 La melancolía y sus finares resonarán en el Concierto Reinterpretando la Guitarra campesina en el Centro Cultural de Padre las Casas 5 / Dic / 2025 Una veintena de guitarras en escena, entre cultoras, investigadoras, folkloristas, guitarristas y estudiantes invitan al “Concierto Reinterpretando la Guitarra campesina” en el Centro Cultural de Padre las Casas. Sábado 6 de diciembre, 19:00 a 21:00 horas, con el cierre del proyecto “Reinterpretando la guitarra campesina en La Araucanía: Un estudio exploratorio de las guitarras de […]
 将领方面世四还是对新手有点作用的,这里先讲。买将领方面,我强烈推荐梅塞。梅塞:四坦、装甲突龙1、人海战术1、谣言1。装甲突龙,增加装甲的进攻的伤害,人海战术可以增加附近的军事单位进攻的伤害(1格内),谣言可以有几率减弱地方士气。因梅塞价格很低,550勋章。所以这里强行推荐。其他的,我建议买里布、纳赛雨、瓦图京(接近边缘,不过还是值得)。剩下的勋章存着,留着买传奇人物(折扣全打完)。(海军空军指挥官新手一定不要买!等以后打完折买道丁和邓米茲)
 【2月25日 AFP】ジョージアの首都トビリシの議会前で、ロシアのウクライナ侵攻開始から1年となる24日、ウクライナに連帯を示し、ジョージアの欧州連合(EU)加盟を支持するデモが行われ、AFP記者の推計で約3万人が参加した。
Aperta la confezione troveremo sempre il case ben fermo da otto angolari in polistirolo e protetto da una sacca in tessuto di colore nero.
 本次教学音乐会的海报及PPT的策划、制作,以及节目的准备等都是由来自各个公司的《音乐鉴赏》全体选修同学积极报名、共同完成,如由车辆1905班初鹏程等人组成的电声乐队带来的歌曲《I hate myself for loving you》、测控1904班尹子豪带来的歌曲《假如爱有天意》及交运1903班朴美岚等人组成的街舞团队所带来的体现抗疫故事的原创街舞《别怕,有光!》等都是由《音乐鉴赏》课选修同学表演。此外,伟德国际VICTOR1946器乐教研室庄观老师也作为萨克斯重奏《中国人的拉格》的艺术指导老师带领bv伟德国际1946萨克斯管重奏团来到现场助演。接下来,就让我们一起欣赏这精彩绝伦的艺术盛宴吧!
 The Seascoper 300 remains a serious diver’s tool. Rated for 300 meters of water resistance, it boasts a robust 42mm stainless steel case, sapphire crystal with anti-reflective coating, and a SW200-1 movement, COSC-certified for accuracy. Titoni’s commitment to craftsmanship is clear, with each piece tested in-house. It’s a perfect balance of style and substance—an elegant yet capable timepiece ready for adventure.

■ ■ ■ ■

WORK TO COMPLETE – What is wanted is every line from the first line of the entries through the line that contains "Aperta la confezione", given again exactly.

WRITTEN SOLUTION –
 La melancolía y sus finares resonarán en el Concierto Reinterpretando la Guitarra campesina en el Centro Cultural de Padre las Casas 5 / Dic / 2025 Una veintena de guitarras en escena, entre cultoras, investigadoras, folkloristas, guitarristas y estudiantes invitan al “Concierto Reinterpretando la Guitarra campesina” en el Centro Cultural de Padre las Casas. Sábado 6 de diciembre, 19:00 a 21:00 horas, con el cierre del proyecto “Reinterpretando la guitarra campesina en La Araucanía: Un estudio exploratorio de las guitarras de […]
 将领方面世四还是对新手有点作用的,这里先讲。买将领方面,我强烈推荐梅塞。梅塞:四坦、装甲突龙1、人海战术1、谣言1。装甲突龙,增加装甲的进攻的伤害,人海战术可以增加附近的军事单位进攻的伤害(1格内),谣言可以有几率减弱地方士气。因梅塞价格很低,550勋章。所以这里强行推荐。其他的,我建议买里布、纳赛雨、瓦图京(接近边缘,不过还是值得)。剩下的勋章存着,留着买传奇人物(折扣全打完)。(海军空军指挥官新手一定不要买!等以后打完折买道丁和邓米茲)
 【2月25日 AFP】ジョージアの首都トビリシの議会前で、ロシアのウクライナ侵攻開始から1年となる24日、ウクライナに連帯を示し、ジョージアの欧州連合(EU)加盟を支持するデモが行われ、AFP記者の推計で約3万人が参加した。
Aperta la confezione troveremo sempre il case ben fermo da otto angolari in polistirolo e protetto da una sacca in tessuto di colore nero.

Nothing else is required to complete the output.